E’ ormai noto come uno dei temi del momento: l’impatto energetico di funzionamento del protocollo Bitcoin. In questo articolo non ripercorreremo vecchie narrative di comparazione di consumi con il sistema bancario tradizionale o altre tecnologia la cui discutibilità è relativa al proprio punto di vista e quindi difficilmente relazionabile in un confronto oggettivo.
Quello su cui vorrei portare oggi l’attenzione è: perchè è importante che Bitcoin impieghi molta energia?
Cambiamo paradigma di osservazione
Eh sì, bisogna partire proprio dal paradigma opposto. Una tecnologia non è negativa se il suo impiego di energia risolve una necessità. Esattamente come troviamo normale e non ci scandalizziamo del fatto che condizionare l’aria degli ambienti chiusi, altresì soffocanti, impieghi circa il 20% del consumo elettrico globale.
Ci scandalizza però sentire che il protocollo Bitcoin ne impieghi ben lo 0.15% attualmente (di cui più del 50% proviene da fonti rinnovabili). Vediamo quindi di iniziare a comprendere a cosa serva tale impiego energetico.
Il consumo energetico di Bitcoin è direttamente proporzionale alla sicurezza del suo protocollo.

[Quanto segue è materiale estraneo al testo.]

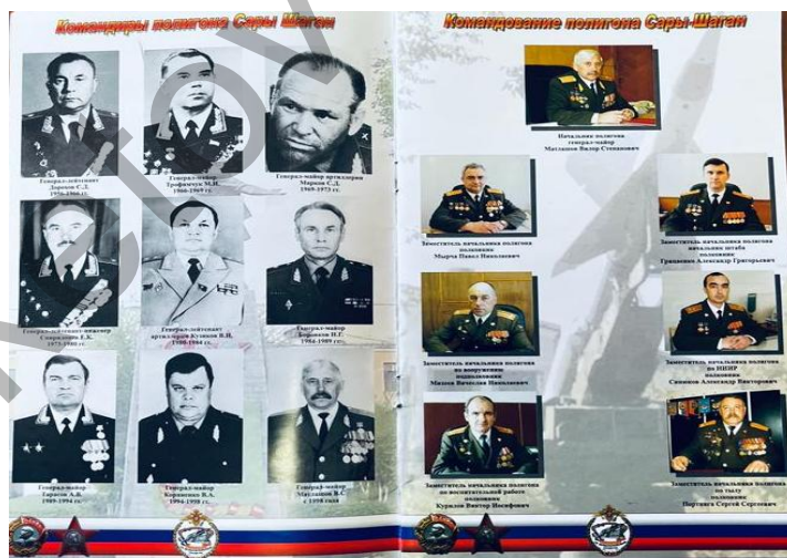
2-сурет. Сарышаған полигоны мен Приозерск қаласы құрылысының жетекшілері (сурет Сарышаған полигоны тарихы мұражайының дерекқорынан)

Ergo, più energia impiega più è sconveniente attaccarlo ma invece molto più conveniente adottarlo e lasciarsi ispirare dalle sue virtuose meccaniche di funzionamento.
Sì, perchè una delle cose più deliziose di Bitcoin è che non è che sia impossibile attaccarne e violare il network; è solo tremendamente sconveniente e praticamente impossibile da perdurare.
Proof of Work VS Proof of stake
Apro infatti una piccola parentesi: nei protocolli PoS (Proof of Stake) a cui proprio recentemente è approdato Ethereum, raggiungere la capacità di “stake” di valuta proprietaria necessaria ad avere il 51% del consenso è sì molto impegnativo poichè si dovrebbe acquistare un quantitativo di coin elevato parallelamente all’aumento del prezzo crescente relazionato proprio a questa ingente operazione di acquisto ma poi, una volta raggiunto il target, il più sarebbe stato fatto e sarebbe praticamente incontrovertibile.
Nei protocolli ad algoritmo di consenso PoW (Proof of Work), molto capitalizzati e ben distribuiti come Bitcoin premetto, oltre alla difficoltà suddetta e praticamente analoga dell’ingente impiego monetario necessario a raggiungere il 51% dell’hash rate necessario a portare attacchi di tipo “double spending”, tale sforzo andrebbe perpetuato nel tempo e non una tantum, cosa che rende questo scenario praticamente impossibile o possiamo dire follemente improbabile.
Risulta molto difficile quindi immaginare una entità centrale, o più riunite, che iper inflazionino la propria valuta basata su tecnologia FIAT (anche in modalità CBDC) sino alla sua morte per cercare di atterrare un protocollo capace di rinascere dalle ceneri di una manciata di Full Nodes Minatori che riprenderebbero ben presto le redini della questione.
Per concludere
Il PoW non consuma, bensì impiega energia; e ben venga lo faccia in un modo crescente e sempre più green piuttosto.
Un PoS che non impiega energia non si differenzia troppo dalla situazione di sfrenato capitalismo in cui viviamo oggi. Bitcoin non ridistribuisce la ricchezza; quello sarà sempre in mano agli uomini come capacità, ma rimette la palla al centro e toglie possibilità manipolatorie dalle mani dei “troppo grandi”. E non lasciatevi incantare da favole del tipo che “il mining è centralizzato”; questo centra davvero ben poco poichè la sinfonia di incentivi di Bitcoin fa sì che siano proprio loro i primi a far sì che tutto si svolga perfettamente e in piena sicurezza.
Un ultima cosa: il mining essendo un processo industriale privato deve portare utili; e quale utile migliore ci può essere di trovare sempre più fonti rinnovabili per minare rispetto al comprare energia non rinnovabile? Vi lascio con questo piccolo spunto di pensiero.. e vi rimando ad un prossimo approfondimento sui criteri ESG e sulla loro non applicabilità alle commodity finanziare. E se BTC potesse essere una di queste…?! Quanto spendiamo per avere la “sicurezza” dell’oro in termini energetici?! Forse esiste una nuova, innovativa e più virtuosa strada verso standard alternativi.